DATA TO USE:
--------------------------------

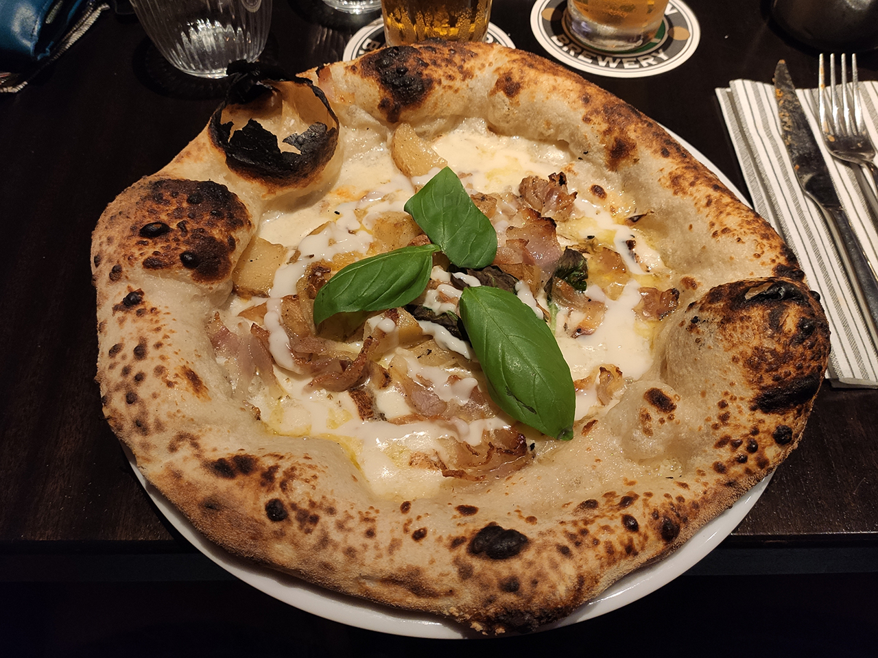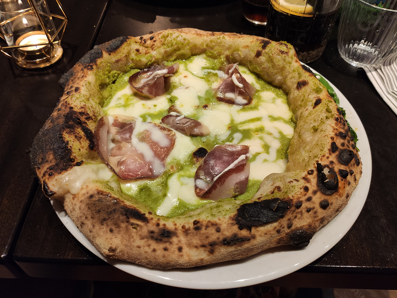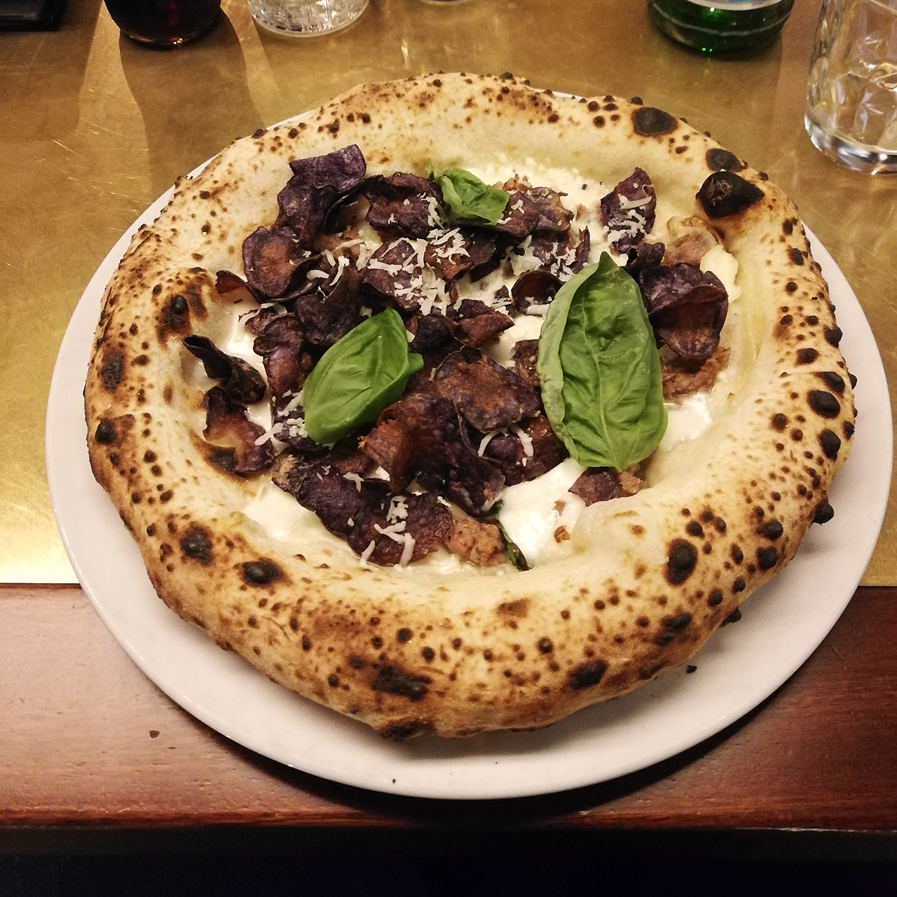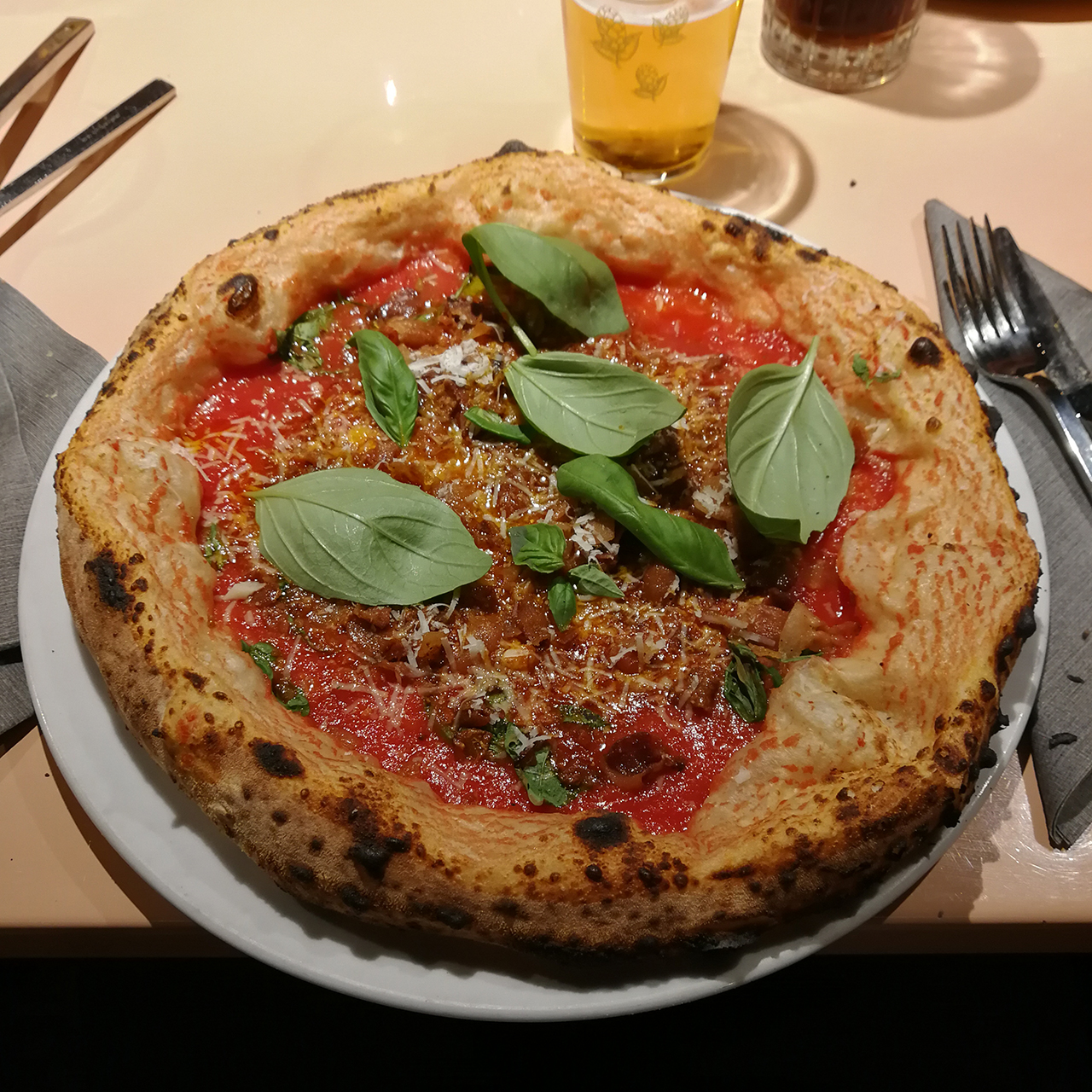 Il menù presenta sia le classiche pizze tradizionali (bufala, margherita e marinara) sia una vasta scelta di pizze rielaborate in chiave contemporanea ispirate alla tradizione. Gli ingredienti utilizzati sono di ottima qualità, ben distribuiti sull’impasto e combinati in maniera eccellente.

--------------------------------

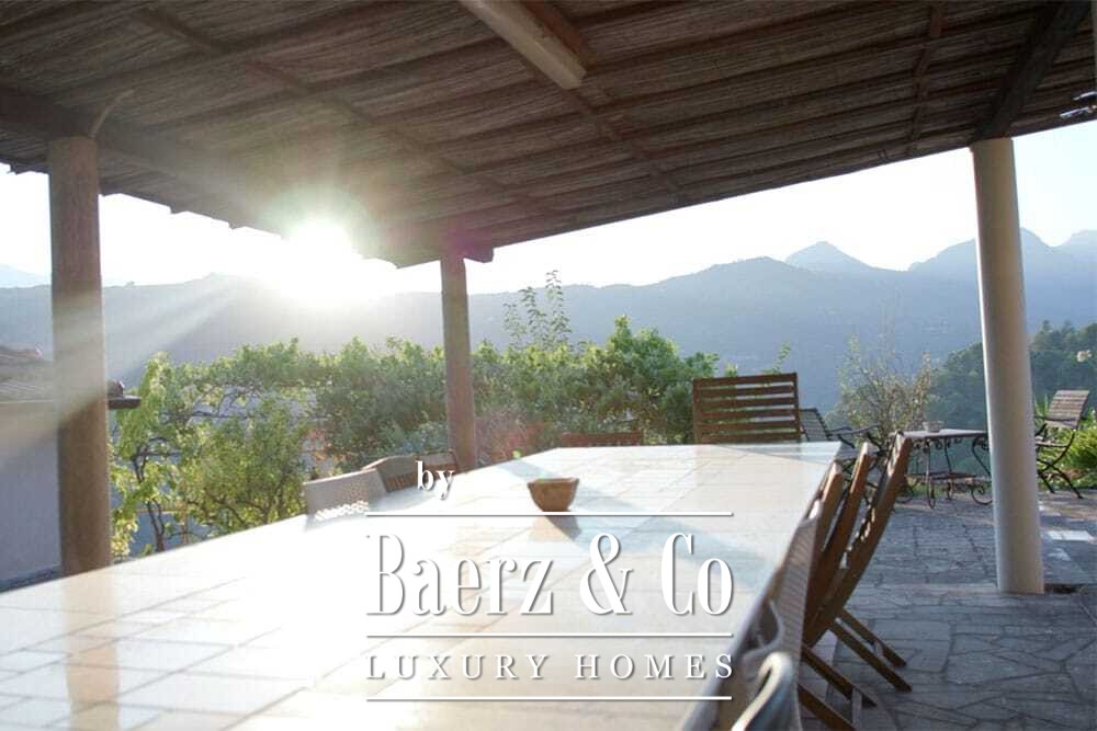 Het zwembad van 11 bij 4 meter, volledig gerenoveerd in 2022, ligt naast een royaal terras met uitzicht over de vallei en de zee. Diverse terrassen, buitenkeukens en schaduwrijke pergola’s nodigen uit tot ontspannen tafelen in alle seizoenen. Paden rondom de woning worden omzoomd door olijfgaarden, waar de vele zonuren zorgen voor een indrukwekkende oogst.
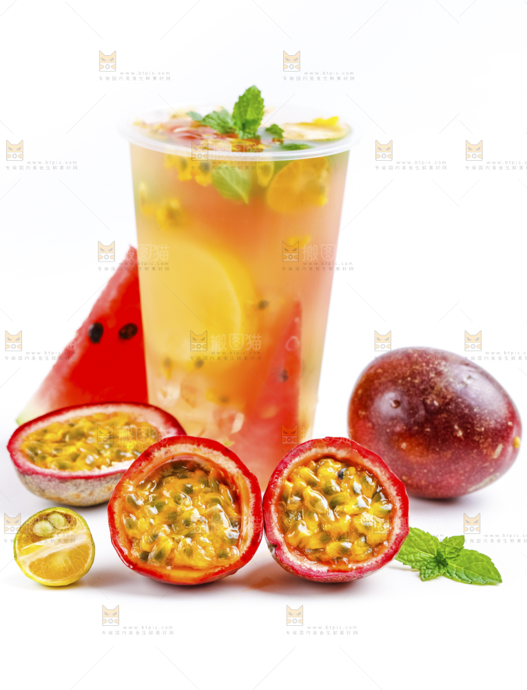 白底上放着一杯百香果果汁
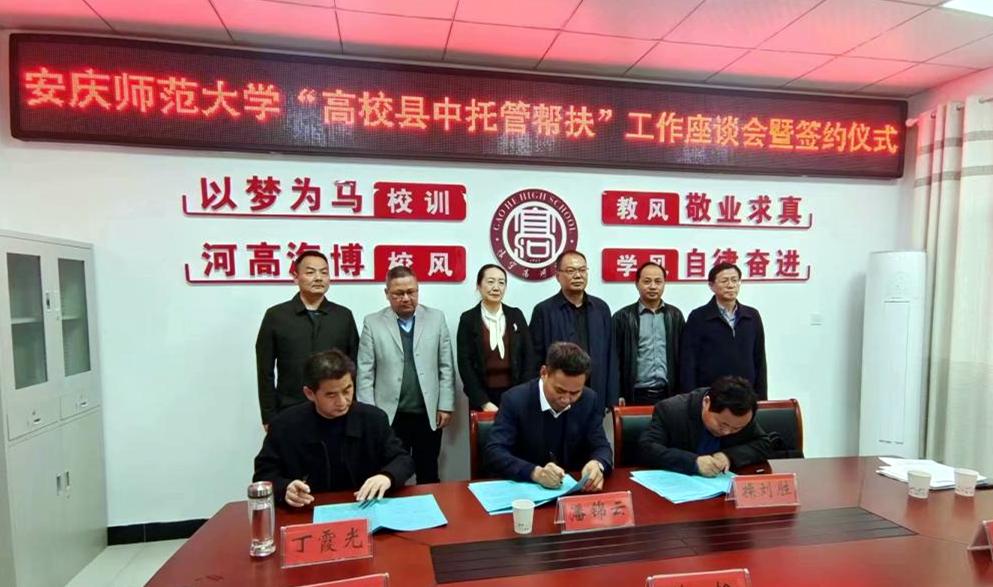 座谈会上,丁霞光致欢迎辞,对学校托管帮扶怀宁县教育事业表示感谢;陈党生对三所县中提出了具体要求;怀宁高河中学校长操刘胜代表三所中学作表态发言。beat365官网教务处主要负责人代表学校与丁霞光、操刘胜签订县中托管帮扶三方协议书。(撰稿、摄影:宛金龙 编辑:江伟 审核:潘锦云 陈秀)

--------------------------------

ABOUT THIS EXERCISE: Restate the lines above from the one containing "Het zwembad van" through the one containing "编辑:江伟 审核:潘锦云 陈秀)", inclusive, exactly and without pictures.

TASK RESPONSE:
 Het zwembad van 11 bij 4 meter, volledig gerenoveerd in 2022, ligt naast een royaal terras met uitzicht over de vallei en de zee. Diverse terrassen, buitenkeukens en schaduwrijke pergola’s nodigen uit tot ontspannen tafelen in alle seizoenen. Paden rondom de woning worden omzoomd door olijfgaarden, waar de vele zonuren zorgen voor een indrukwekkende oogst.
 白底上放着一杯百香果果汁
 座谈会上,丁霞光致欢迎辞,对学校托管帮扶怀宁县教育事业表示感谢;陈党生对三所县中提出了具体要求;怀宁高河中学校长操刘胜代表三所中学作表态发言。beat365官网教务处主要负责人代表学校与丁霞光、操刘胜签订县中托管帮扶三方协议书。(撰稿、摄影:宛金龙 编辑:江伟 审核:潘锦云 陈秀)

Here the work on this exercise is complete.